The Journal Gazette
Monday, May 13, 2019 1:00 am

Mothers enjoy annual day downtown

Light rain doesn't stop fun, trolleys

ASHLEY SLOBODA | The Journal Gazette

Despite the short, walkable distance between downtown attractions, Kelsey Edholm's two young daughters Sunday insisted on getting a lift – and not from just any vehicle.

Four trolleys spent about six hours shuttling families to more than three dozen shops, restaurants and venues participating in the fourth annual Mother's Day Downtown, presented by the Downtown Improvement District.

Edholm agreed to the trolley ride, which she thinks her daughters – Katie, 7, and Abby, 4 – remember most from a previous Mother's Day Downtown.

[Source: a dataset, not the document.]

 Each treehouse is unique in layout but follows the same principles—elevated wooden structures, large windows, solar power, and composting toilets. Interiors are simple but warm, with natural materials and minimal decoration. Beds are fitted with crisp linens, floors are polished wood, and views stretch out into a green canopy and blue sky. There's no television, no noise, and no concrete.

“Oh they love it,” the mother from Leo said, taking shelter under a nook from the afternoon rain.

Rain and cool temperatures aren't ideal conditions for the event, which in previous years had warm, sunny weather, said Rick Zolman, the DID's events and programming manager.

He expected attendance would be down from last year's turnout of 4,500.

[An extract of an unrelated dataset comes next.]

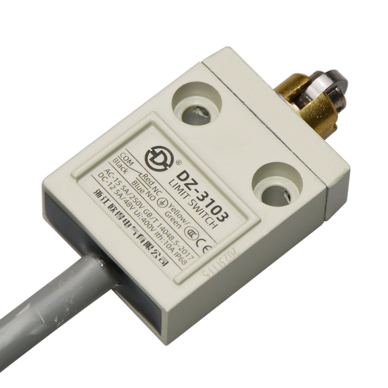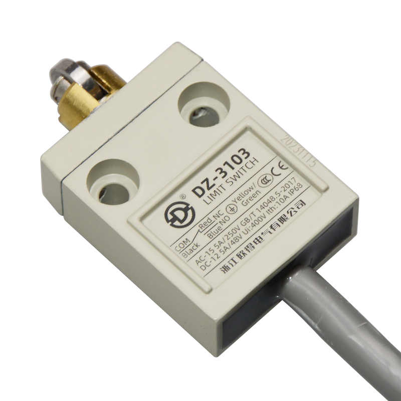 • DZ-3103防水行程開關(guān),橫向滾輪柱塞式,通用直立型,小型、薄形、IP68防護(hù)等級,樹脂與耐油軟線融合牢固,高度密封性兼具的緊湊型限位開關(guān)。適用于積水、潮濕環(huán)境下的機(jī)械設(shè)備,作位移電路通斷信號檢測控制。

Even so, he said, it could have been worse. He noted the rain held off the first three hours. 

“We've had full trolleys,” he said, standing under a tent at the trolley hub at the Allen County Public Library plaza.

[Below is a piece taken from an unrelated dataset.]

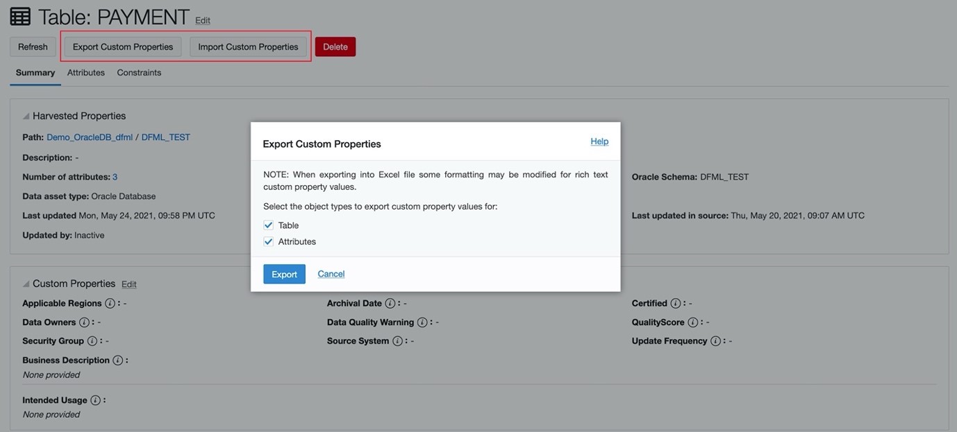 Currently, this feature is available for data assets created using a relational database, such as Oracle Database, Autonomous Database, Microsoft SQL Server, and MySQL. You can export and import custom property values at the schema and data entity levels.

Community Transportation Network also operated shuttles with wheelchair accessibility.

Participating locations included Visit Fort Wayne, DeBrand Fine Chocolates, Artlink, The Old Fort, Embassy Theatre and Trinity English Lutheran Church, which welcomed family photographs in its cloister garden. Many sites offered discounts or special offers, such as a free item with a purchase.

The hope is visitors find reason to return, Zolman said.

Jackie Rennie and her companions, Stephanie Rennie and Heather Muncie, waited for a ride under an overhang just outside Creative Women of the World, one of eight sites that shared the popular trolley stop at Wayne and Harrison streets.

“We're still having fun,” Stephanie Rennie said.

“Even if you have to carry an umbrella,” Jackie Rennie added, noting she wanted to go to the event after seeing it advertised.

Farther west on Wayne Street, Emma Browning manned Emmie's Flower Cart, which was keeping busy at its temporary location outside Outer Grace Boutique. Customers could build a bouquet with such varieties as carnations, lilies and larkspur.

“We're still in good spirits, despite the rain,” said Browning, the owner.